Comprehensive Guide to Chi-Square Inference

Chi-Square ($\chi^2$) tests

Analyze variables with multiple categories and measure deviations of observed data from expected data.

Formula for Chi-Square statistic

$\chi^2 = \sum \frac{(Observed - Expected)^2}{Expected}$

Right-Skewed

The characteristic shape of the Chi-Square distribution, more skewed with fewer degrees of freedom.

Positive Values Only

Chi-Square values are always non-negative since deviations are squared.

Goodness of Fit Test

Determines if the distribution of a single categorical variable matches a claimed population distribution.

Conditions of Goodness of Fit

Random sample, 10% Condition, and all expected counts must be at least 5.

Hypotheses in Goodness of Fit Test

$H0$: distribution matches; $Ha$: distribution does not match.

Degrees of Freedom (df) in Chi-Square

For Goodness of Fit: $df = number\ of\ categories - 1$.

Expected Counts for Fair Die

If fair, each face of a die would have an expected count of 10 when rolled 60 times.

Test for Homogeneity

Compares the distribution of a categorical variable across two or more populations.

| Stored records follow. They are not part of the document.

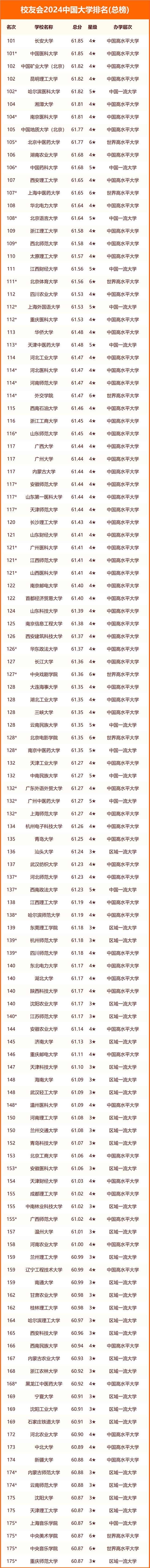 校友会2024中国大学排名如下:排名第一的学校是北京大学;排名第二的大学是清华大学。
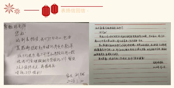 表扬信寄出后,学院陆续收到家长们的暖心回复与亲笔回信,字里行间洋溢着喜悦之情与对学校工作的高度认可。家长们纷纷表示,将以这份荣誉为契机,进一步加强与学校的沟通协作,携手为孩子的全面成长保驾护航。
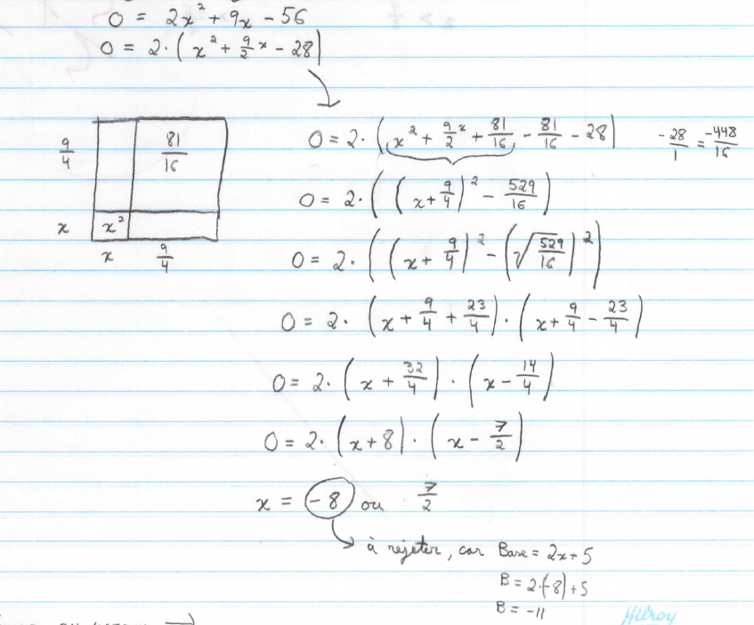 Il faut cependant oser se demander : cette expérience est-elle vraiment marquante pour certains élèves ? Je suppose que la plupart d’entre eux ne retiennent finalement que la procédure à suivre, c’est-à-dire une formule ou enchaînement de calculs à effectuer ; cette façon de faire est d’ailleurs probablement renforcée par les exemples et exercices (corrigés) proposés dans les cahiers et autres ressources disponibles sur le web qui répandent largement ce genre de recette instantanée pour « aider » les élèves. Cependant, je crois que l’analogie géométrique, si elle est présentée avec un peu d’enthousiasme aux élèves, peut laisser des traces, voire s’avérer signifiante, chez certains d’entre eux. Dans la figure 8, un élève illustre l’idée clef de la complétion du carré au cours de la résolution d’un problème dans le cadre d’une évaluation ; j’ose espérer qu’elle a servi d’ancrage pour déterminer le terme « 8116 ».
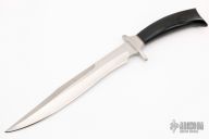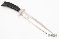 This Fighter by David John Handmade Knives features a satin finished recurve blade with a false top edge and fileworked spine, .279" blade stock and 1.458" blade depth, hidden tang construction. The handle has a 303 stainless steel guard with a buffalo horn grip and red/white spacers. New from maker.

Degrees of Freedom in Homogeneity Test

$df = (number\ of\ rows - 1) \times (number\ of\ columns - 1)$.

Expected Count Formula for Two-Way Tables

$Expected\ Count = \frac{(Row\ Total) \times (Column\ Total)}{Table\ Total}$.

Test for Independence

Determines if there is an association between two categorical variables within a single population.

Distinctive Feature of Independence Test

Involves one single sample cross-classified by two variables.

Hypotheses for Independence Test

$H0$: no association; $Ha$: association exists.

Quick Check Routine for Chi-Square tests

Examine total 'N' and the phrasing of the hypotheses.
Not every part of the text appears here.